Determine for the rule the value "chain" - "Input", go down and tick the "Related" checkbox opposite the inscription "Connection State". Do not forget about the "Action" section, where the same parameter is activated.

In the second new configuration, leave the connection type as the same, but the network is set "Forward", also in the Actions section you need an "Accept" item.

The second rule of the associated MICROTIK connection

Be sure to keep the changes so that the rules are added to the list.

Connection Resolution from LAN

Local network users will be able to connect only when it is installed in the Firewall rules. To edit, you will first need to find out where the provider cable is connected (in most cases it is Ether1), as well as the IP address of your network. Read more about this in another material on the link below.

Read more: How to find out the IP address of your computer

Next, you need to configure only one parameter. This is done as follows:

In the first line, put "INPUT", then drop to the next "src. Address »And type the IP address there. "IN. Interface »Specify" Ether1 "if the input cable from the provider is connected to it.

Connection Permissions Rule from LAN MICROTIK

Move into the "Action" tab to put the "Accept" value there.

Prohibition of erroneous connections

Creating this rule will help you prevent erroneous compounds. It is automatically determined by unreliable connections by certain factors, after which they are reset and the access will not be provided. You need to create two parameters. This is done as follows:

As in some previous rules, you first specify "INPUT", then drop down and check the "Invalid" checkbox near the "Connection state".

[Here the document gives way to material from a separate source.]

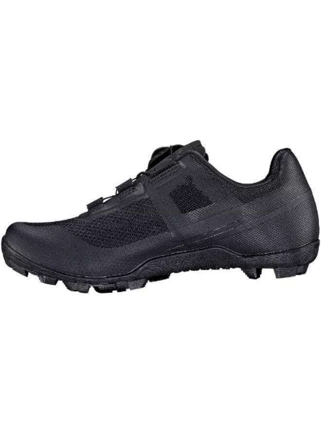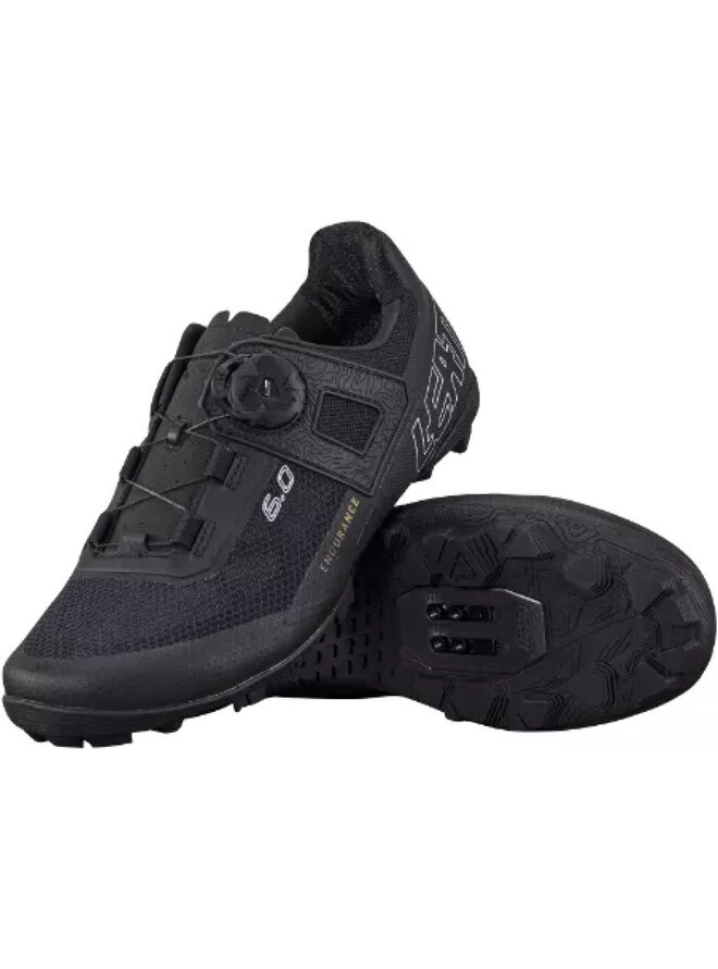 vytrvalostní boty (xc a štěrk) se světlem a průsvitným svrškem polymerních vláken. 100 % nylonový výztuž v podešvi poskytuje větší flexibilitu než verze uhlíku, což umožňuje pro chůzi pohodlnější boty. Jedila je vyrobena z gumové z jízdy s agresivním běhounem, což usnadňuje vstup do mokrých podmínek mimo kolo. Rozšířené drážky kmene umožňují větší rozsah nastavení. Systém šněrování One -Point Mod/Leatt umožňuje rychlou a přesnou adaptaci. Speciální směrová látka na patě opravuje nohu a zabraňuje sklouznutí i při utažení.

The first rule of protection of erroneous compounds MICROTIK

Go to the tab or section "Action" and set the "Drop" value, which means discharge of compounds of this type.
In a new window, change only "Chain" on "Forward", the rest, as in the previous one, including the action "Drop".

The second rule of erroneous compounds MICROTIK

You can also ban other attempts to connect from external sources. This is done by setting just one rule. After "chain" - "Input" Slip "In. Interface "-" Ether1 "and" Action "-" DROP ".

Prohibition of other incoming connections from the external network of Microtik

Permission of traffic from the local network on the Internet

Work in the Routeros operating system allows you to develop multiple traffic configurations. We will not dwell on this, since such knowledge will not be useful to normal users. Consider only one firewall rule that allows you to pass traffic from the local Internet:

Select "Chain" - "Forward". Set "in. Interface "and" Out. Interface "Values" Ether1 ", after which mark the exclamation mark" In. Interface.

Rule of traffic from the local area network Microtik

In the "Action" section, select the action "Accept".

To prohibit the rest of the connections, you can also just with just one rule:

Select only the "Forward" network, not exposing anything else.

In Action, make sure that "Drop" is worth.

According to the final configuration, you should have about such a Firewall scheme, as in the screenshot below.

On this, our article comes up to the logical conclusion. I would like to note that you do not have to apply all the rules, because they may not always be required, however, we demonstrated the basic setting that is suitable for most ordinary users. We hope the information provided was useful. If you have any questions on this topic, ask them in the comments.